“Washington’s traditional approach to balancing the budget,” former Reagan White House official Peter Ferrara writes in today’s Wall Street Journal, “is to negotiate an agreement on a package of benefit cuts and tax increases. President Obama’s deficit commission seems likely to recommend just this strategy in December. The problem is that it never works.”
Wow, that’s a mouthful – and not a particularly accurate one at that.
Simply put, the history of the 1980s and 1990s shows conclusively that budget deals of the kind Ferrara disparages not only work, they are the only proven way through which a White House and Congress can reduce deficits. The deals of 1990 and 1993 in particular, along with deficitcutting legislation in 1982, 1984, 1997, and other years, played a huge role in converting thenrecord deficits to a budget surplus in 1998.

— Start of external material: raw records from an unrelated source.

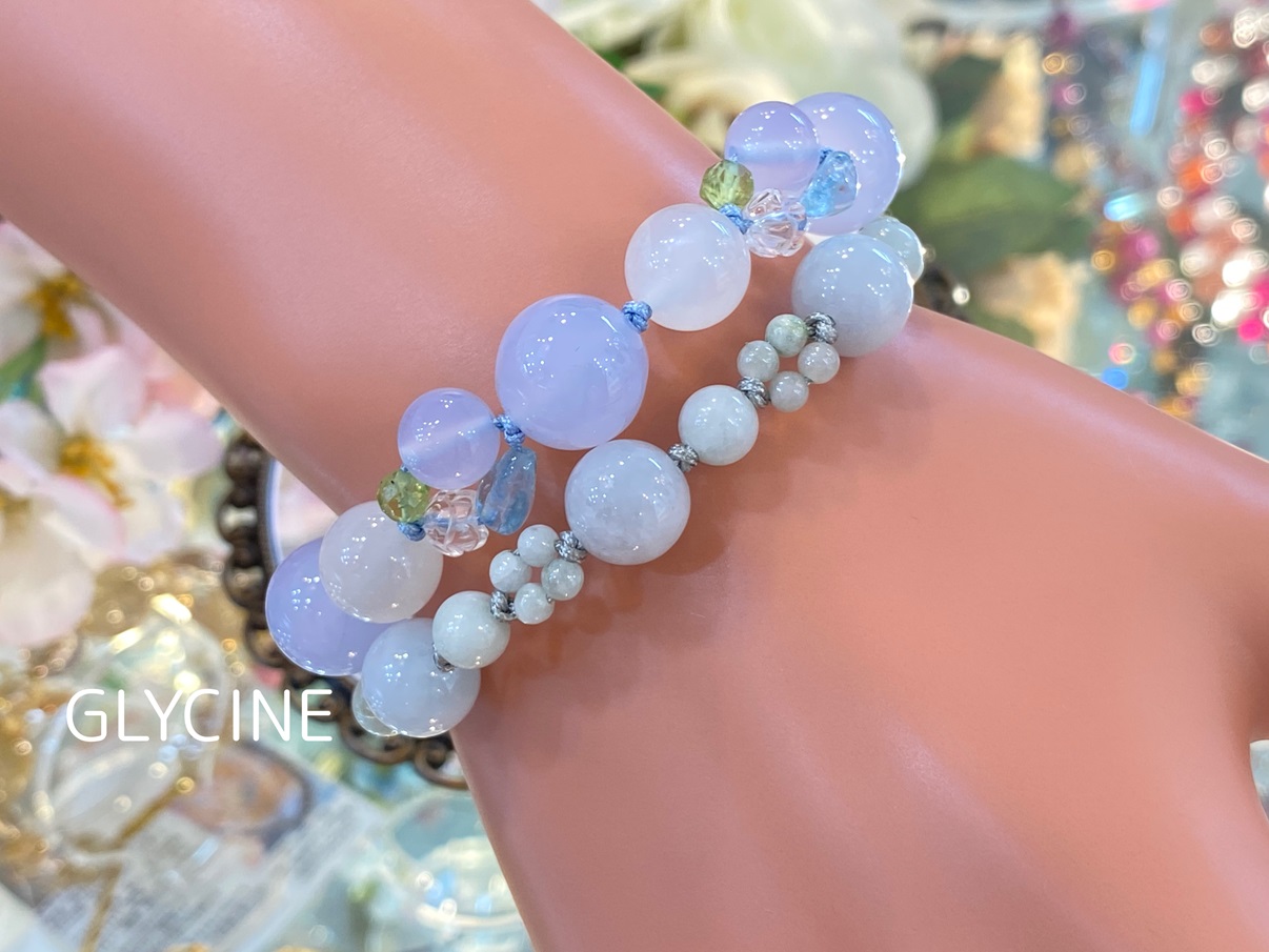 ブルーカルセドニーとムーンストーン、アクアマリン、ペリドット、水晶の5種類の天然石でデザインしたパワーストーンブレスレットとの重ね着けコーデ写真です。
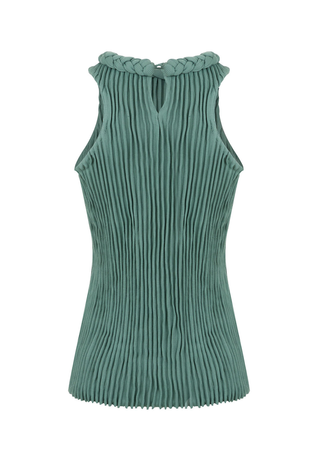 Un tributo a la maestría artesanal y la versatilidad de la colección. Este top en rib de algodón con un alforzado hecho a mano cada 0.5 cm, destaca la precisión de los textiles de MAZ. La trenza, también tejida a mano en rib, simboliza la continuidad y preservación de la sabiduría y la tradición en la cultura latinoamericana. La abertura en forma de gota en la espalda, cerrada con un botón de concha de nácar, añade un acabado distintivo de la marca.
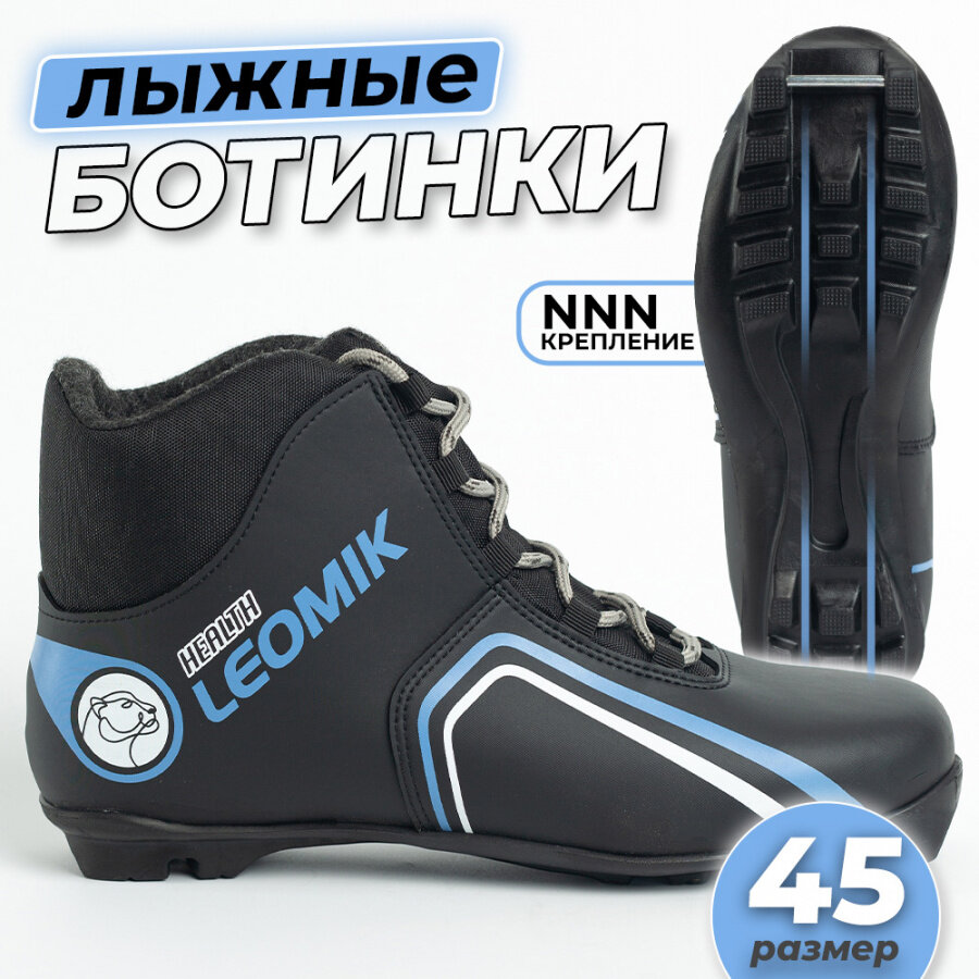 Отзывы на Ботинки лыжные Leomik Health (grey) черные размер 45 для беговых прогулочных лыж крепление NNN
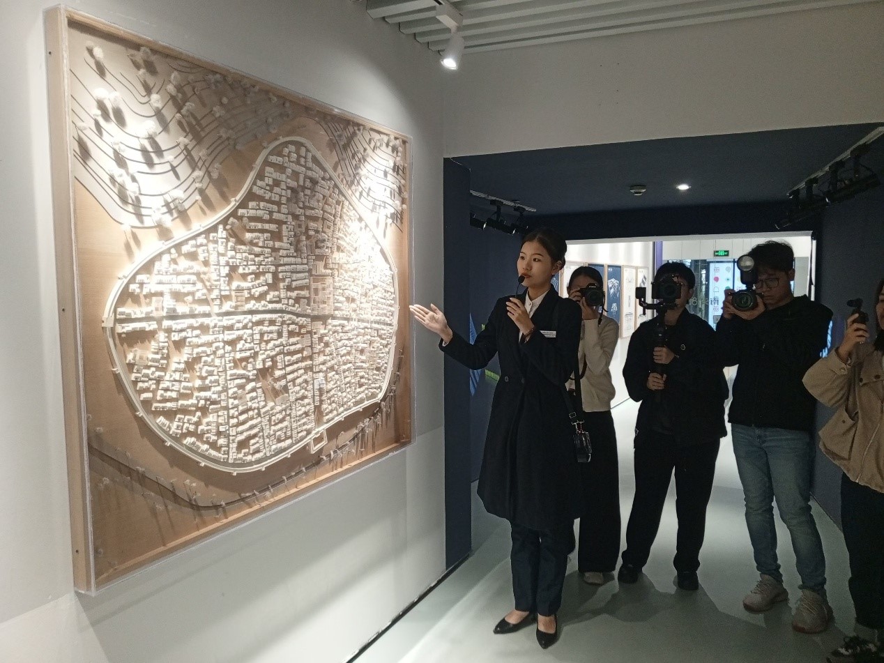 Journalists enjoy an in-depth guided tour of one of Nantou's revitalized historic buildings, now repurposed as a mini-museum showcasing the city’s architectural evolution over the centuries in Nantou Ancient City, Nanshan district, south China's Shenzhen, Nov. 28, 2024. (Photo/People's Daily Online)
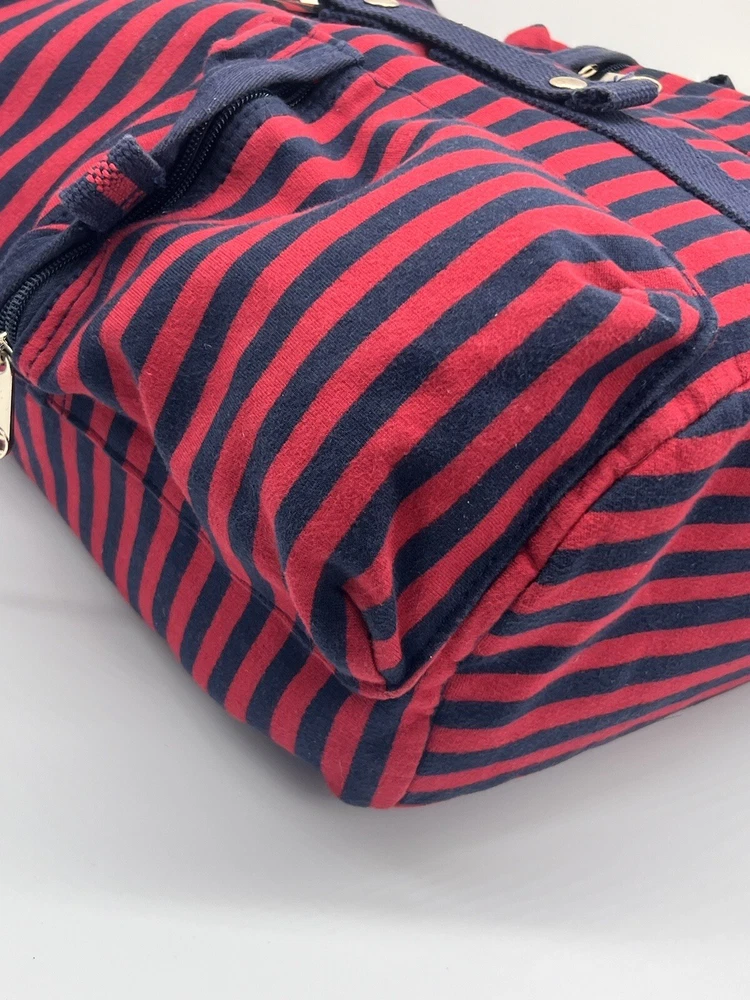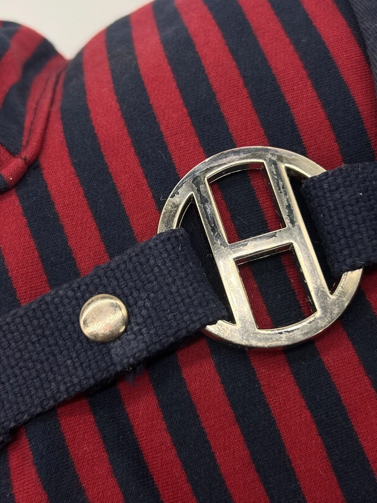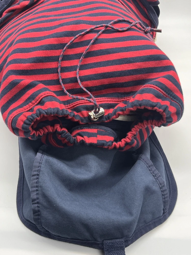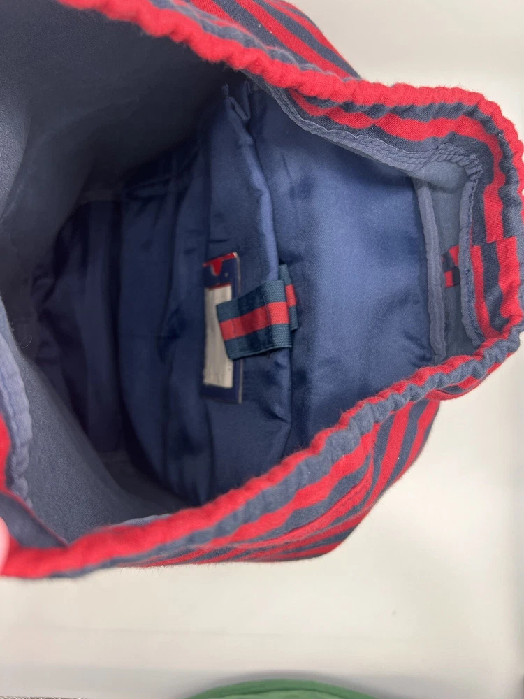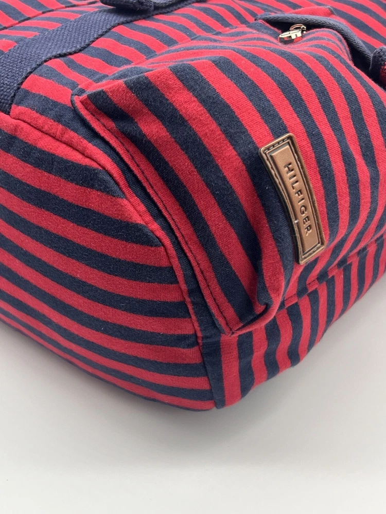 TOMMY HILFIGER Canvas Backpack Red Blue Laptop Drawstring Travel Bag Vtg EUC

That’s not to say, of course, that deficit-cutting legislation explains it all. Supportive monetary policy and a booming economy for much of that period played a huge role as well – though, as I note below, the deficit-cutting deal of 1993 helped create the conditions for the growth that followed.
As for Ferrara, let’s take a closer look at how his claims stack up against the actual historical record.
First, he writes of deficit-reduction deals: “What happens is the tax increases get permanently adopted into law. But the spending cuts are almost never fully adopted and, even if they are, they are soon swept away in the next spendthrift budget.”
Nonsense. As his prime example of fiscal perfidy, Ferrara states, “In 1982, congressional Democrats promised President Ronald Reagan $3 in spending cuts for every dollar in tax increases. Reagan went to his grave waiting for those spending cuts.”
Democrats made no such promise. It was Republican Bob Dole, the Senate Finance Committee chairman in 1982 and later the Senate Majority Leader, who dismissed this age-old legend about $3 in spending cuts for every $1 in tax increases as “an agreement between the President and his speechwriters.”
Besides, Ferrara himself seems to acknowledge that his general point – spending cuts never stick – isn’t quite accurate. He writes that after Republicans took over in 1995, Congress “cut federal discretionary spending by 5.4%, measured in constant dollars” and that as a percent of gross domestic product (GDP), it “dropped 17.5% between 1995 and 1999.”
If Ferrara really means that Democrat-imposed spending cuts don’t stick, well, that’s not right either. Total federal spending fell every year as a percentage of GDP under President Clinton (including the first two, when Democrats ran Congress), as the Historical Tables book from the Office of Management and Budget makes clear. So, too, did discretionary spending, except for a tiny rise from 6.2% to 6.3% of GDP from 1999 to 2000.
Second, Ferrara writes about the futility of tax increases: “In 1993, President Bill Clinton tried again as the Democrat-controlled Congress passed a tax increase as part of another budget deal. By 1995, however, Mr. Clinton greeted the new Republican-controlled Congress with a budget that projected $200 billion deficits indefinitely into the future.”
Despite the implication – that Clinton’s tax increase made the fiscal picture worse – the deficit fell every year under Clinton from the record $290 billion that he inherited from President George H.W. Bush until the budget reached balance in 1998.
The notion that, somehow, things started to turn around when Republicans took over Congress in 1995 is absurd. So, too, is the notion that Clinton’s tax increase generated higher deficits or hurt the economy.
What actually happened, as I was fond of writing as OMB’s communications director from 1994 to 1997, was that Clinton’s 1993 budget deal with congressional Democrats – which every Republican opposed – helped generate what the White House called a “virtuous cycle” of lower interest rates, more business investment, more jobs, lower inflation, stronger growth, and higher living standards.
Third, Ferrara writes about how to balance the budget going forward: “Start with the tax reforms necessary to maximize long-term growth and shoehorn spending into that revenue base.”
Ferrara would cut the corporate tax rate, impose a flat tax on individuals, close tax loopholes, eliminate the estate tax and alternative minimum tax, kill all unspent funds under last year’s stimulus bill, restructure Social Security and Medicare, reform all means-tested programs including Medicaid, roll back other spending, phase out farm subsidies, and end “corporate welfare.”
That’s a radical agenda for addressing our looming budget deficits, but one that deserves a hearing as much as any other.
In mulling it, however, policymakers should not be fooled by the falsities and unsubstantiated claims that Ferrara puts forward in today’s piece.